Work request:
Everything in the entries below except the pictures must be returned exactly.

Available records:
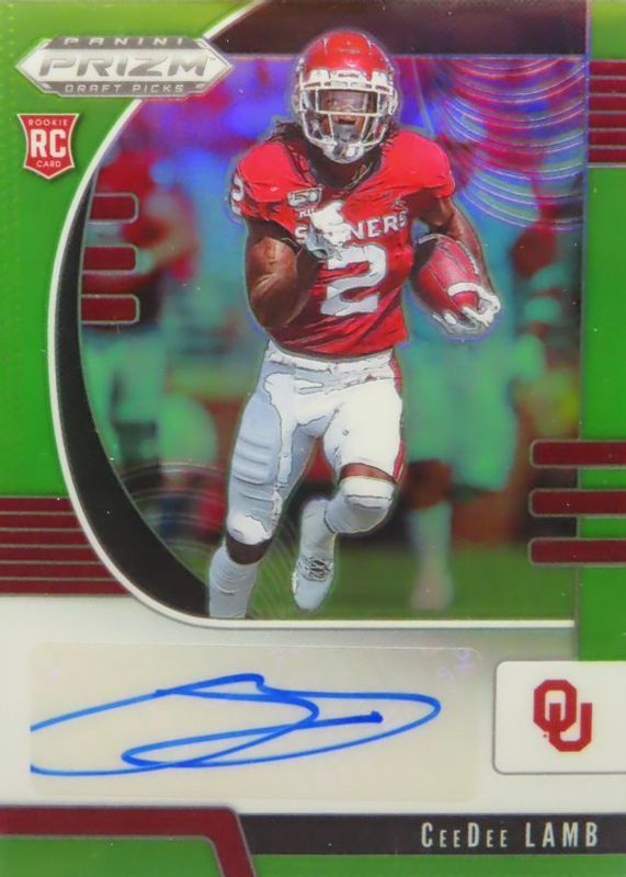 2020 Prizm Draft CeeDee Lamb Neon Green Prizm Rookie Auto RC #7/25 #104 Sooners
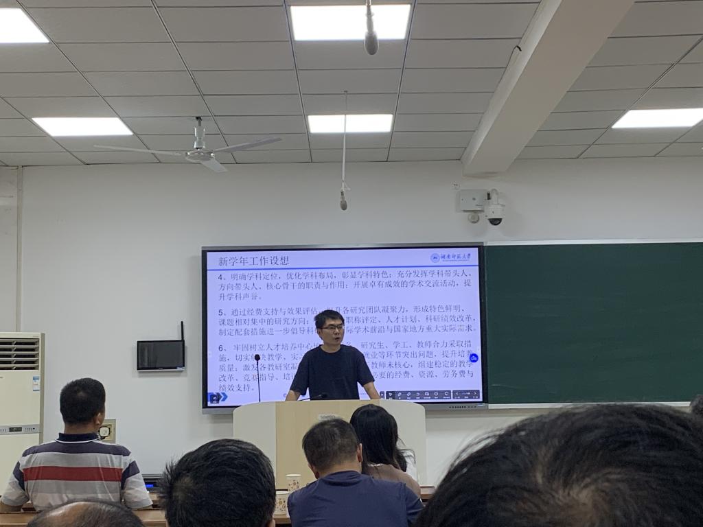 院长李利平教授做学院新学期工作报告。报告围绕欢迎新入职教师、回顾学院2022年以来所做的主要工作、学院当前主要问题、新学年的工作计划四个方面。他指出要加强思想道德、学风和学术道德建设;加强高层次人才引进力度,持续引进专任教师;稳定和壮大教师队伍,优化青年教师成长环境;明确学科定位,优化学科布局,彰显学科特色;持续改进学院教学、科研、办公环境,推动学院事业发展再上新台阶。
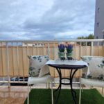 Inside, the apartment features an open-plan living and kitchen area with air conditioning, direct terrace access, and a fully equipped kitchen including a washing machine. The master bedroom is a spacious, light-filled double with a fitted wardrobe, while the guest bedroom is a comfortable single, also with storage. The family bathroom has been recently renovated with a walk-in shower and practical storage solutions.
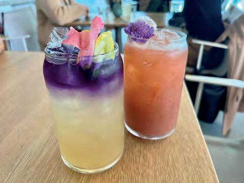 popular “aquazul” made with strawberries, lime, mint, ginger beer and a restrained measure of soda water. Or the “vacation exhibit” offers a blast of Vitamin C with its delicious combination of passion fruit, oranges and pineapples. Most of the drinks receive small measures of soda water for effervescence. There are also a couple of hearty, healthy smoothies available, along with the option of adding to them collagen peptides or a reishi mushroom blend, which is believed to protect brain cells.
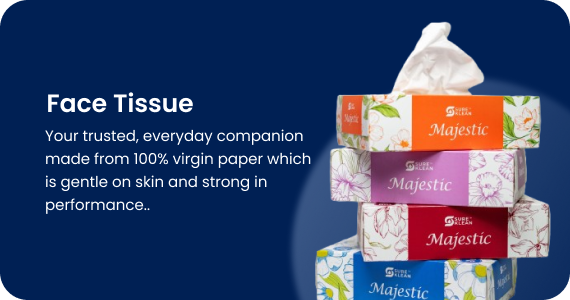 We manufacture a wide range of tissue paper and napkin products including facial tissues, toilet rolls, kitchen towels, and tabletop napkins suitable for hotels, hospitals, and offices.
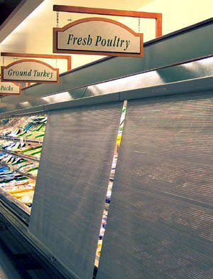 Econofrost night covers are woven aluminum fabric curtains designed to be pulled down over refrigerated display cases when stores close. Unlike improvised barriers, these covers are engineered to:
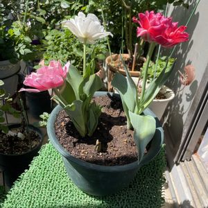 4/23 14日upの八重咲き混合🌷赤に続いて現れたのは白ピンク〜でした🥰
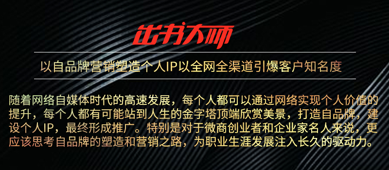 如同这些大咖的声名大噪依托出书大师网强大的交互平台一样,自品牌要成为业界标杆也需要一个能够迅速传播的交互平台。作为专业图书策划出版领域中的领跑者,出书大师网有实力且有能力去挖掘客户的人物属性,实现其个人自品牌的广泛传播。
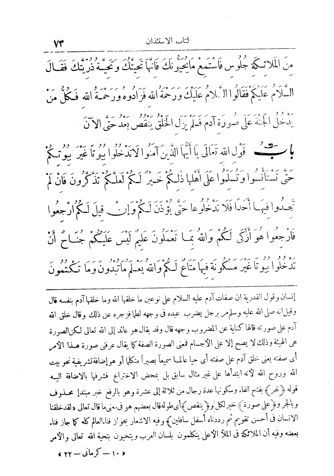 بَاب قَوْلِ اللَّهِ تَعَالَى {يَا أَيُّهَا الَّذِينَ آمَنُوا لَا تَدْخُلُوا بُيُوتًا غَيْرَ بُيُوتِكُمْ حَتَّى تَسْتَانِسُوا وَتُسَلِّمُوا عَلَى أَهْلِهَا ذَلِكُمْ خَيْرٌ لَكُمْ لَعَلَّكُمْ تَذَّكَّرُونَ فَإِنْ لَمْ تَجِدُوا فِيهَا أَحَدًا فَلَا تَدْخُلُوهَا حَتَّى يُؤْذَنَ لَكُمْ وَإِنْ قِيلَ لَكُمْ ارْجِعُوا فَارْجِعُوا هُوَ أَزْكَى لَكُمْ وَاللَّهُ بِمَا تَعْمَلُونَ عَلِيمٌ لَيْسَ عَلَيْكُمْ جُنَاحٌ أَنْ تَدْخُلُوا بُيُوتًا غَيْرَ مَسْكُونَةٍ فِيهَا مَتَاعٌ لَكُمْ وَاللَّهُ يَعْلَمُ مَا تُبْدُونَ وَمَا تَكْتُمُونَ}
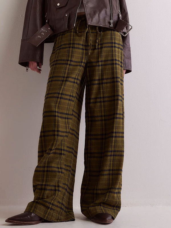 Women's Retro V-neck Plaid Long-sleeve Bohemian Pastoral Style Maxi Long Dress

Task solution:
 2020 Prizm Draft CeeDee Lamb Neon Green Prizm Rookie Auto RC #7/25 #104 Sooners
 院长李利平教授做学院新学期工作报告。报告围绕欢迎新入职教师、回顾学院2022年以来所做的主要工作、学院当前主要问题、新学年的工作计划四个方面。他指出要加强思想道德、学风和学术道德建设;加强高层次人才引进力度,持续引进专任教师;稳定和壮大教师队伍,优化青年教师成长环境;明确学科定位,优化学科布局,彰显学科特色;持续改进学院教学、科研、办公环境,推动学院事业发展再上新台阶。
 Inside, the apartment features an open-plan living and kitchen area with air conditioning, direct terrace access, and a fully equipped kitchen including a washing machine. The master bedroom is a spacious, light-filled double with a fitted wardrobe, while the guest bedroom is a comfortable single, also with storage. The family bathroom has been recently renovated with a walk-in shower and practical storage solutions.
 popular “aquazul” made with strawberries, lime, mint, ginger beer and a restrained measure of soda water. Or the “vacation exhibit” offers a blast of Vitamin C with its delicious combination of passion fruit, oranges and pineapples. Most of the drinks receive small measures of soda water for effervescence. There are also a couple of hearty, healthy smoothies available, along with the option of adding to them collagen peptides or a reishi mushroom blend, which is believed to protect brain cells.
 We manufacture a wide range of tissue paper and napkin products including facial tissues, toilet rolls, kitchen towels, and tabletop napkins suitable for hotels, hospitals, and offices.
 Econofrost night covers are woven aluminum fabric curtains designed to be pulled down over refrigerated display cases when stores close. Unlike improvised barriers, these covers are engineered to:
 4/23 14日upの八重咲き混合🌷赤に続いて現れたのは白ピンク〜でした🥰
 如同这些大咖的声名大噪依托出书大师网强大的交互平台一样,自品牌要成为业界标杆也需要一个能够迅速传播的交互平台。作为专业图书策划出版领域中的领跑者,出书大师网有实力且有能力去挖掘客户的人物属性,实现其个人自品牌的广泛传播。
 بَاب قَوْلِ اللَّهِ تَعَالَى {يَا أَيُّهَا الَّذِينَ آمَنُوا لَا تَدْخُلُوا بُيُوتًا غَيْرَ بُيُوتِكُمْ حَتَّى تَسْتَانِسُوا وَتُسَلِّمُوا عَلَى أَهْلِهَا ذَلِكُمْ خَيْرٌ لَكُمْ لَعَلَّكُمْ تَذَّكَّرُونَ فَإِنْ لَمْ تَجِدُوا فِيهَا أَحَدًا فَلَا تَدْخُلُوهَا حَتَّى يُؤْذَنَ لَكُمْ وَإِنْ قِيلَ لَكُمْ ارْجِعُوا فَارْجِعُوا هُوَ أَزْكَى لَكُمْ وَاللَّهُ بِمَا تَعْمَلُونَ عَلِيمٌ لَيْسَ عَلَيْكُمْ جُنَاحٌ أَنْ تَدْخُلُوا بُيُوتًا غَيْرَ مَسْكُونَةٍ فِيهَا مَتَاعٌ لَكُمْ وَاللَّهُ يَعْلَمُ مَا تُبْدُونَ وَمَا تَكْتُمُونَ}
 Women's Retro V-neck Plaid Long-sleeve Bohemian Pastoral Style Maxi Long Dress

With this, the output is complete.